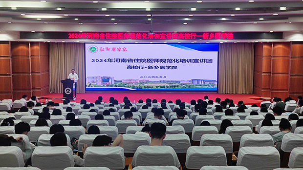 5月17日,河南省卫生健康委员会“住培”政策宣讲团到我校开展“住培”政策宣讲。河南省卫生健康委员会科教处副处长刘淑娅,校党委委员、副校长林俊堂出席。宣讲会由教务部负责人主持。我校2024届1200余名医学生通过线上线下参会聆听政策宣讲。
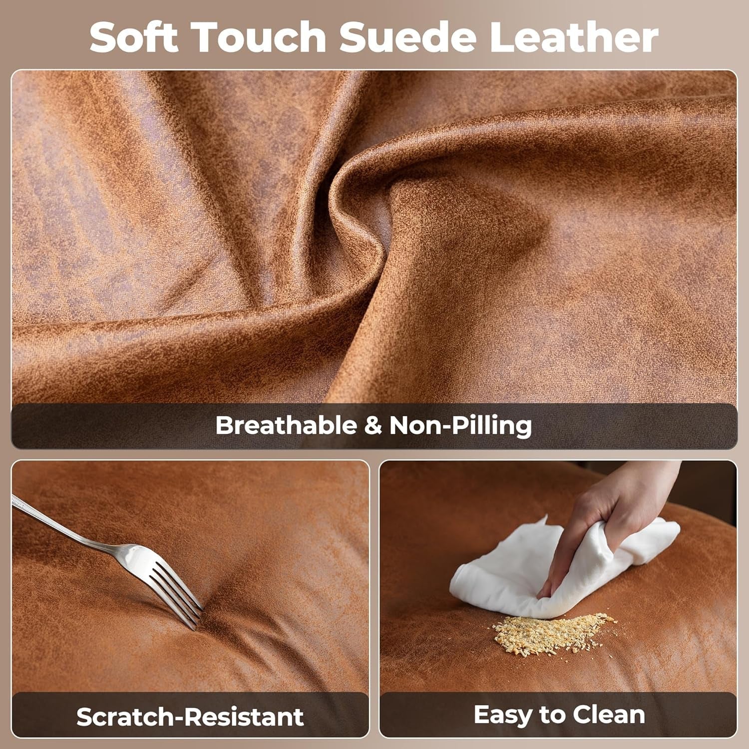 Crafted with premium faux suede leather, it features an ultra-wide seat, a high back, and cotton-filled cushions that offer a soft, cloud-like feel. The breathable, scratch-resistant material maintains its refined look while staying pet-friendly and easy to clean.
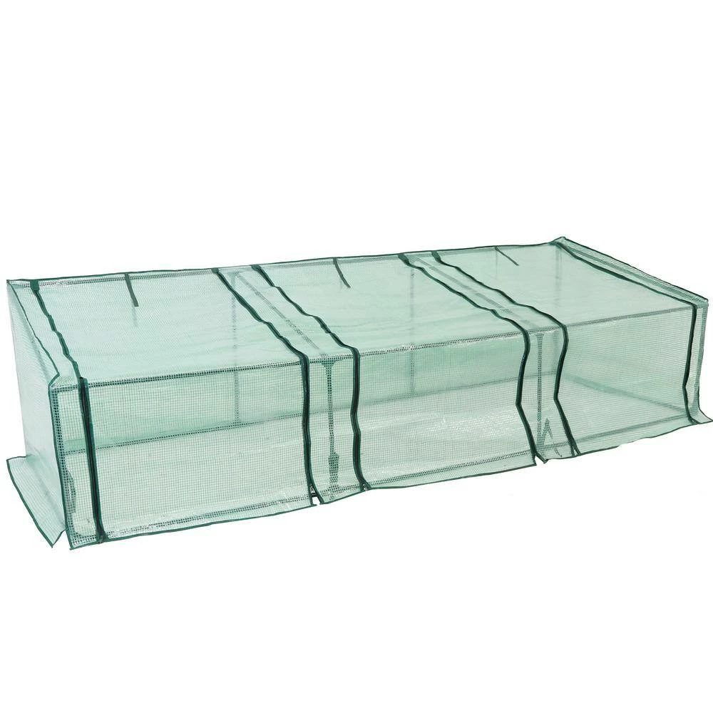 Protect your plants from harsh weather and create the perfect growing environment at home with this easy-to-use mini greenhouse. with a frame made from strong steel wire and a durable polyethylene covering coated with a UV ray protective finish, this portable cloche greenhouse with slanted top is the perfect option for growing vegetables, fruits, plants and flowers. The cover protects plants from UV rays and inclement weather like frost, excessive heat and moisture. The cover is transparent to ensure plants receive the perfect amount of Sunlight. Zippered doors allow you to control airflow in and out of the greenhouse and give easy access to your plants.
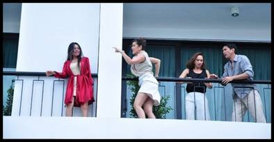 ฉากนี้เป็นตอนที่นพนภา (ธัญญ่า) และเนตรนภิศ (เจนสุดา ปานโต) น้องสาว จับได้ว่าเจนภพ (ปิ๊บ) สามีจอมเจ้าชู้แอบซุกเมียน้อยไว้ในโรงแรม แม้เจนภพจะตีหน้าซื่อขนาดไหน แต่เนตรนภิศก็ขุดหาหลักฐานเป็นชุดชั้นในเจอจนได้ และเมื่อเจอว่าเมียน้อยยืนหลบอยู่ริมระเบียงห้อง นพนภาปรี๊ดแตกของขึ้น รีบปีนระเบียงตามไปจัดการขั้นเด็ดขาด!!
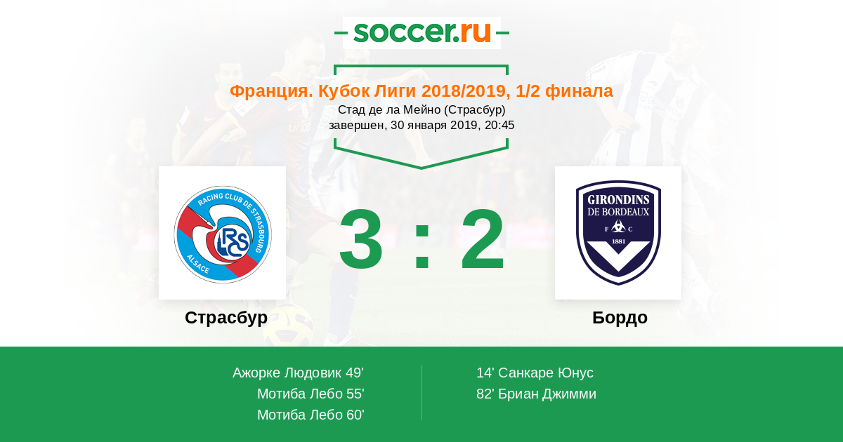 60' (3:1) Мотиба Лебо (12) (Ажорке Людовик (25))

- _INSTRUCTIONS FOR THE TASK_: Return all of the entries exactly as written, but drop any pictures they hold.

- _EXPECTED ANSWER_:
 5月17日,河南省卫生健康委员会“住培”政策宣讲团到我校开展“住培”政策宣讲。河南省卫生健康委员会科教处副处长刘淑娅,校党委委员、副校长林俊堂出席。宣讲会由教务部负责人主持。我校2024届1200余名医学生通过线上线下参会聆听政策宣讲。
 Crafted with premium faux suede leather, it features an ultra-wide seat, a high back, and cotton-filled cushions that offer a soft, cloud-like feel. The breathable, scratch-resistant material maintains its refined look while staying pet-friendly and easy to clean.
 Protect your plants from harsh weather and create the perfect growing environment at home with this easy-to-use mini greenhouse. with a frame made from strong steel wire and a durable polyethylene covering coated with a UV ray protective finish, this portable cloche greenhouse with slanted top is the perfect option for growing vegetables, fruits, plants and flowers. The cover protects plants from UV rays and inclement weather like frost, excessive heat and moisture. The cover is transparent to ensure plants receive the perfect amount of Sunlight. Zippered doors allow you to control airflow in and out of the greenhouse and give easy access to your plants.
 ฉากนี้เป็นตอนที่นพนภา (ธัญญ่า) และเนตรนภิศ (เจนสุดา ปานโต) น้องสาว จับได้ว่าเจนภพ (ปิ๊บ) สามีจอมเจ้าชู้แอบซุกเมียน้อยไว้ในโรงแรม แม้เจนภพจะตีหน้าซื่อขนาดไหน แต่เนตรนภิศก็ขุดหาหลักฐานเป็นชุดชั้นในเจอจนได้ และเมื่อเจอว่าเมียน้อยยืนหลบอยู่ริมระเบียงห้อง นพนภาปรี๊ดแตกของขึ้น รีบปีนระเบียงตามไปจัดการขั้นเด็ดขาด!!
 60' (3:1) Мотиба Лебо (12) (Ажорке Людовик (25))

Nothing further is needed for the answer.